- Written by: Peter Field Paul Haddad Dustin Rubin
- Directed by: Jeffrey R. Daniels Paul Haddad
- Creative director: Derek Owen
- Starring: Brian S. Wolfe Janine McCarthy
- Composer: Russell E Bell
- Country of origin: United States
- Original language: English
- No. of seasons: 3
- No. of episodes: 40

Production
- Executive producers: Chaney Moon Kelly McPherson Emre Sahin Sarah Wetherbee Paul Haddad Pamela Deutsch
- Producers: Lisa Lumar Louis Faldetta Jill Rytie Lutz
- Cinematography: Christian Ortega
- Running time: 22 minutes
- Production company: Karga Seven Pictures

Original release
- Release: June 3, 2014 – October 4, 2016

= Cry Wolfe =

American television show (2014–2016)

Cry Wolfe is an American television show created for Investigation Discovery.
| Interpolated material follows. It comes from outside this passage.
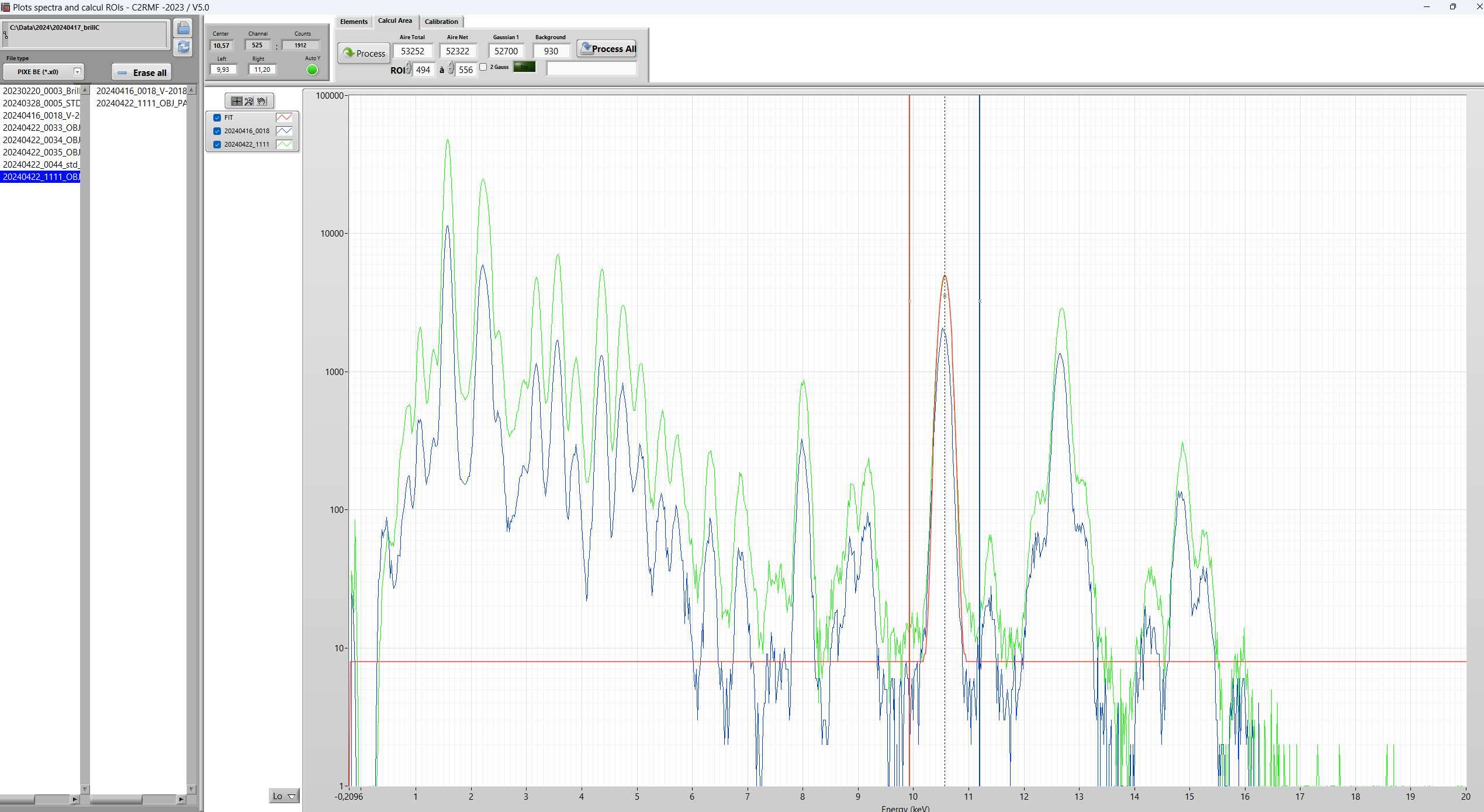 PlotAndRoi allows to plot and compare all types of files acquire at AGLAE (PIXE, RBS, PIGE, IBIL, ...) . It can also fit one peak on all spectra quickly to do PIGE processing by doing simple rules of three method.

It aired for three seasons, from 2014 to 2016.

==Plot==
Cry Wolfe uses actors to reenact some of private investigator Brian Wolfe's most interesting cases. His cases include cheating spouses, workplace theft, and blackmail. Wolfe is helped by his investigative assistant, Janine McCarthy.

==Production==
Wolfe was initially hired to work as a private investigator in several episodes of Nathan for You. After his appearance, he was contacted by Karga Seven Pictures who were looking to do a show about an LA private investigator. Wolfe provides his case files to the production company who choose which cases they want to use.

==Reception==
Brian Lowry from Variety considered the show's presentation style to be deceptive and misleading, using shaky hand-held video and a "faux camera crew" to give the impression that the footage was not a reenactment. Others enjoyed the more "playful" take on the topic, in contrast to the other true crime shows on Investigation Discovery.